Note how the first naive model mirrors exactly the original series, with a one-period lag. The second-naive model behaves differently due to its adaptive structure. Note also the large errors in 1996M3 and 1996M8 in the second forecasting model, relative to the first model.

A similar plot for the entire sample is reported below.

From the plot above it is clear that FORECAST_TWO is more variable than FORECAST_ONE is tracking %FSPCOM.

Calculating Accuracy Statistics

Finally, to examine statistically which forecasting model gives the better fit over the sample period, we compute goodness-of-fit statistics between the actual and forecasted series. Specifically, using Excel we calculated root-mean-squared error for each of the two forecasting models, which are reported in the Table below. (These are calculated in the spreadsheet to this case: CH1_Case1.xls)

Forecast Model

RMSE

First Naïve Model

.03929

Second Naïve Model

.04854

Question #3: Based upon examination of RMSE, which forecasting method is more accurate over the period 1980M1-1997M4?

ANSWER:

Question #4: Is your answer to Question 3 consistent with stock returns following the random-walk hypothesis, i.e., that past patterns of stock rates of return are irrelevant in forecasting future returns?

ANSWER:

Using ProcastTM

The ProcastTM application in FORECASTXTM is an expert selection one-step forecasting tool that is designed to determine the best forecasting technique for a given data series.
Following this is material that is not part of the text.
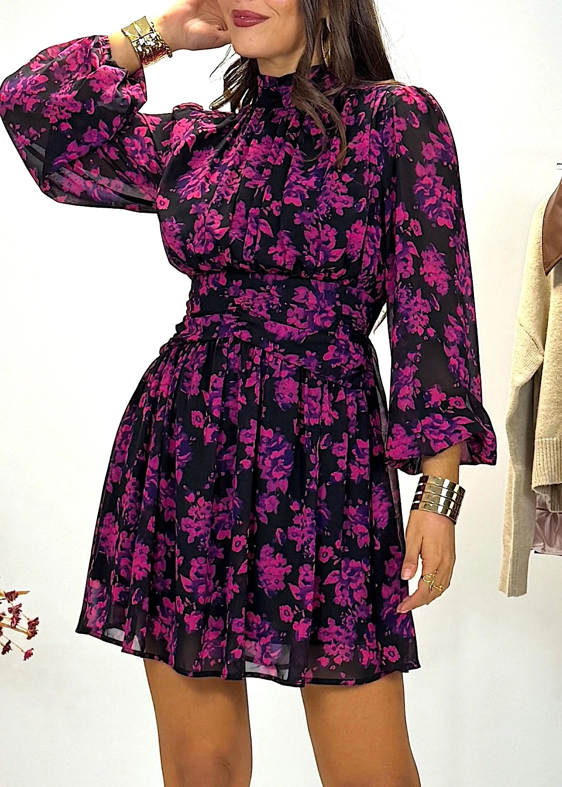 El fajín delantero realza la cintura, mientras que el elástico en la espalda ofrece un ajuste cómodo. Las mangas terminadas en puño elástico aportan un toque romántico. Forrado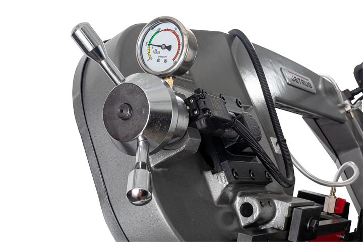 Инверторное управление двигателем позволяет поддерживать постоянную скорость движения полотна при изменении нагрузки. Скорость движения ленточного полотна регулируется потенциометром плавно в диапазоне от 0 до 80 м/мин, что позволяет пилить как трудно обрабатываемые, в т.ч. высоколегированные стали, так и легко обрабатываемые цветные сплавы, в т.ч. различные марки алюминия и получить самое высокое качество и производительность.

To see if ProcastTM can shed any light on the issue of this case we applied ProcastTM to the %FSPCOM series with the following forecast results for the single period of August of 1997:

Aug-01

0.01

Mean Absolute Percentage Error (MAPE)

311.70%

R-Square

10.31%

Mean

0.01

Standard Deviation

0.03

Note that expert selection driver choose Holt-Winters smoothing as the optimal forecast method. This suggests that the %FSPCOM series is nonstationary contradicting our previous results. While this may be of some concern, it is quite common in forecasting applications. Accordingly, one may question blind use of expert selection software. For example, from the printed reports we see that the alpha parameter and the gamma parameter are both set equal to zero by the software in calculating forecasts using Holt-Winters smoothing. This suggests the model is being constrained by the range of the parameters. The point is simple: Be careful of blindly following the results of expert selection software without understanding the underlying statistics and model. Nevertheless, students should be impressed how well the first-naïve forecasting model does relative the more-sophisticated Holt-Winters model!

Student Application Questions

Question #1: This assignment concluded that, for %FSPCOM, the first-naive model outperformed the second-naive model. This however, assumed an adjustment parameter of P = 0.5, and a one-period ahead forecast horizon using data from the period 1979-1980. The important question is how robust are our findings given these assumptions? Specifically, try altering the parameter P, the forecast horizon, and the sample period to see if our results are sensitive to changes in these assumptions. For instance, are there some values of P in which the second-naive model outperforms the first? Discuss your findings!

Question #2: Try redoing this assignment with a different portfolio of stocks (AMEX, NASDAQ) or a single stock. Contrast and compare your results with those reported in the case.